Also serving the communities of De Luz, Rainbow, Camp Pendleton, Pala and Pauma

A bright note in bleak COVID-19 times

I imagine many people have been using this down time to clear out clutter, recycle and reorganize if they tend to be savers (hoarders) like we are.

Not long ago, I got a call out of the blue from Bruce Lee, a nephew by marriage to my first master painter teacher, "Smoke Tree George" or "Smokie" Frederick. This call led to a different kind of reorganizing, bringing up old memories.

I met Smokie, when I was 16, in the Grand Canyon where he was showing and selling his paintings. He was the first professional fine artist I had met.

My dad arranged for him to come to El Monte and give me and an artist friend lessons in watercolor landscape and oil painting portraiture. We subsequently moved to Arizona where he lived and we remained friends till his death.

Smokie was a graduate of the Royal Academy in Munich, Germany before World War I and, after WWI, immigrated to the USA. There he had a dual major in psychology and art. He had classes with the giants in psychology in the early 20th century: Freud, Adler and Jung.

In art, he studied under Lovis Corinth and other famous German artists. He was also a very colorful, charismatic man who inspired a lot of other artists and students.

Smokie taught me songs in German, Spanish and Navajo. He said, "A lot of education is about how to make a living, but art teaches you how to live a life."

Lee never met Smokie while he was alive but became fascinated with him when he talked with people whose lives he touched.

Lee is doing research on Smokie for a book featuring his paintings and those of some of his outstanding students. He asked me to do a portrait of Smokie painting plein air from a couple of old photos and as I remembered him.
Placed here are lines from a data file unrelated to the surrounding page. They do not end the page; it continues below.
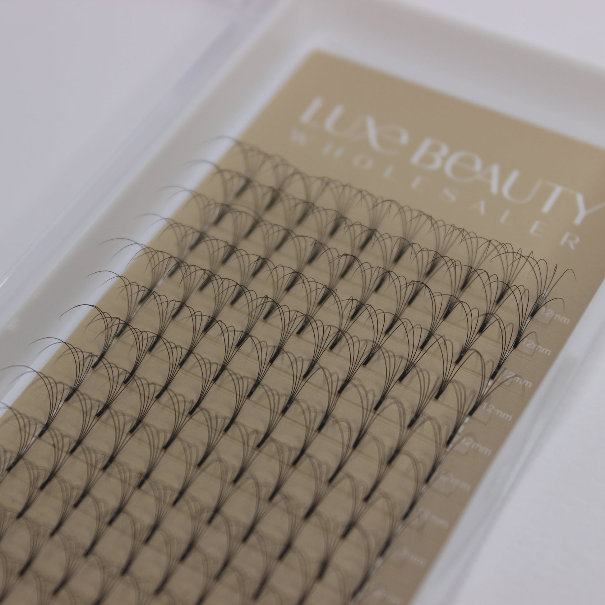 Our 5D Short Stem Pre-made Volume Fans combine the convenience of pre-made fans with the soft, fluffy appearance of handmade volume lashes.
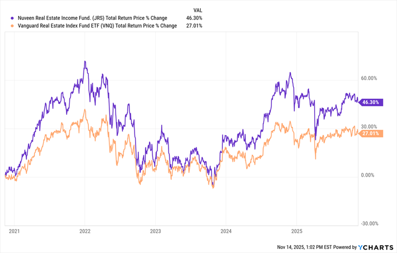 This buying opportunity exists even though JRS crushed the benchmark REIT ETF, the Vanguard Real Estate ETF (VNQ), in the last five years, something many pundits will tell you an actively managed fund simply isn’t supposed to do.
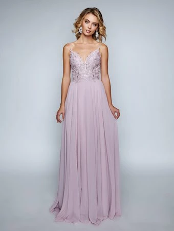 Nina Canacci 3153 Mauve size 4 This is a long flowy prom dress with a lace bodice v neckline. Perfect for wedding guest, bridesmaid, maid of honor or mother of bride or groom dress. Also makes a nice choice for spring formal dance or other social events.Â
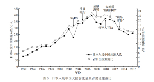 图表出处:论文《2000-2019年中日国际旅游的反向性、市场翻转及成因》,陕西师范大学
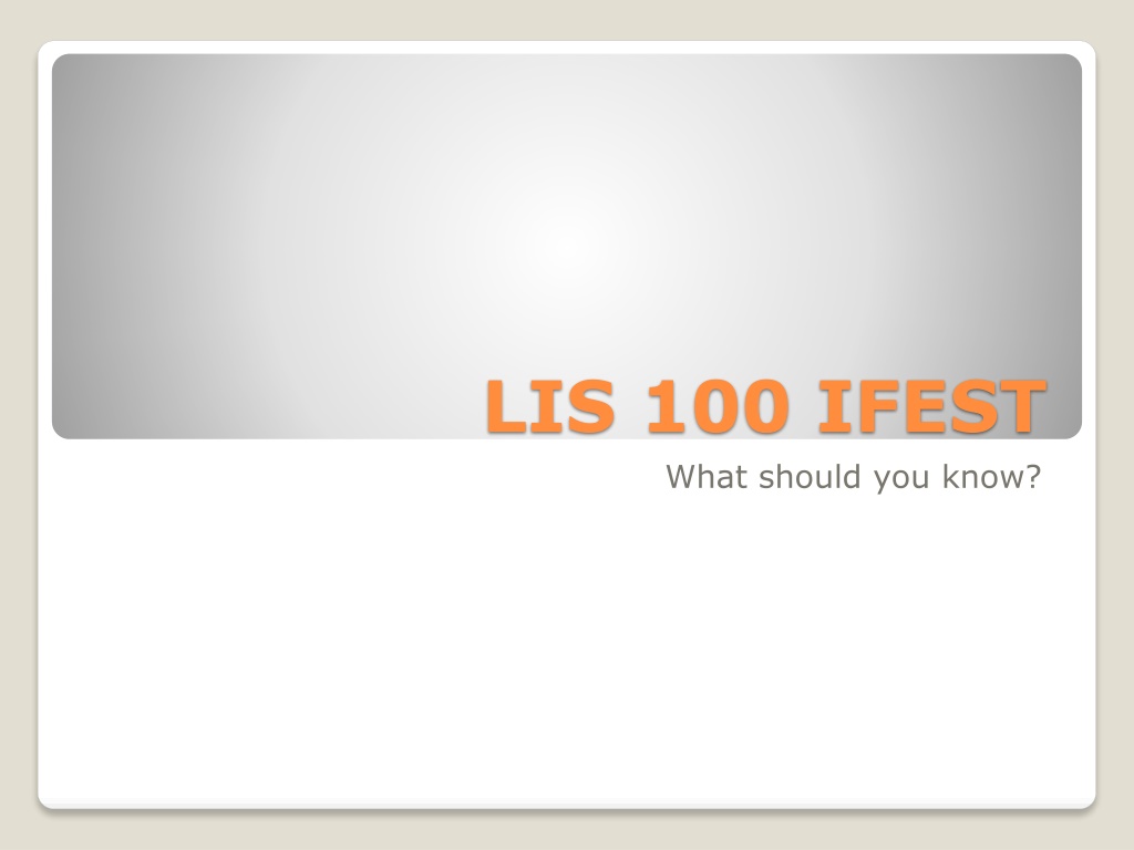 Discover essential details regarding the LIS 100 iFest event. Gain insights into what knowledge is crucial for participation and engagement. Prepare yourself with the necessary information to make the most of this experience and enhance your understanding of LIS topics.
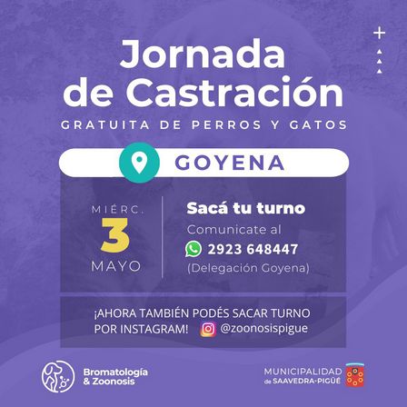En la Delegación Municipal de Goyena, el miércoles próximo, habrá castración gratuita de mascotas.
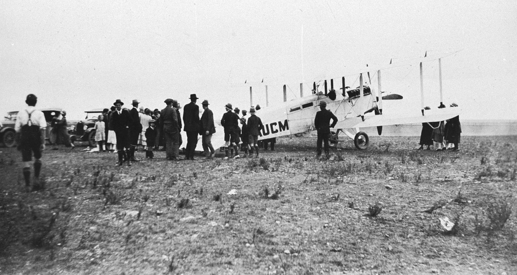 LASCO’s De Havilland DH.4 G-AUCM ‘Scrub Bird’, at Swan Reach in (late) 1923. First registered in 1921, G-AUCM had been bought by Larkin from a private owner in 1922. (State Library of SA | B-58395)
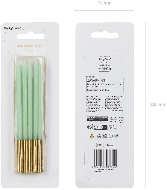 Set da 12 Candele Candeline compleanno colore VERDE CHIARO E ORO - 14 cm
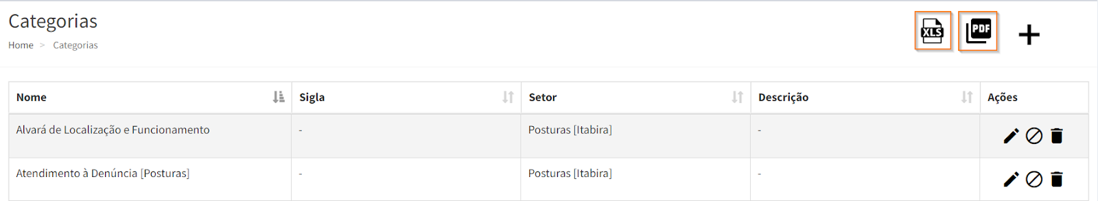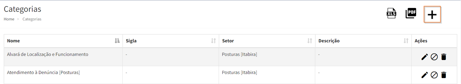 Para cadastrar, acesse o menu “Categorias” e clique no ícone , localizado no canto superior direito da página.
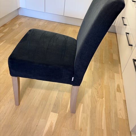 Selger 4 fine stoler i Olivia serien fra Fagmøbler. Stoff i belfast lys beige med svarte ben. Elegante og fine- gode å sitte i.

I was happy to accept and he was thrilled.

I found three watercolor landscapes done when I was 17, under Smokie's guidance. I no longer had the oil portraits I had done in that early period but, curiously enough, two people contacted me through my website, raglandfineartsatelier.com, fairly recently and I was able to photograph their works.

The first was Shirley Dutra, a neighborhood girlfriend who went with me, my parents, Smokie and his wife to the Laguna Pageant of the Masters together. She had asked me to repair something minor on the painting. I was able to photograph the work when she shipped it to me.

Another client, Joe Hunter, I had painted when he was 6 or 8 years old, with his baseball mitt. Lee was able to photo Hunter as an adult with the painting when he tracked him down in Phoenix.

Amazingly, Hunter had reached out to me not very long ago giving me his contact information. I am sharing these pictures since they have given me a break in this tedious time and might be of interest to others.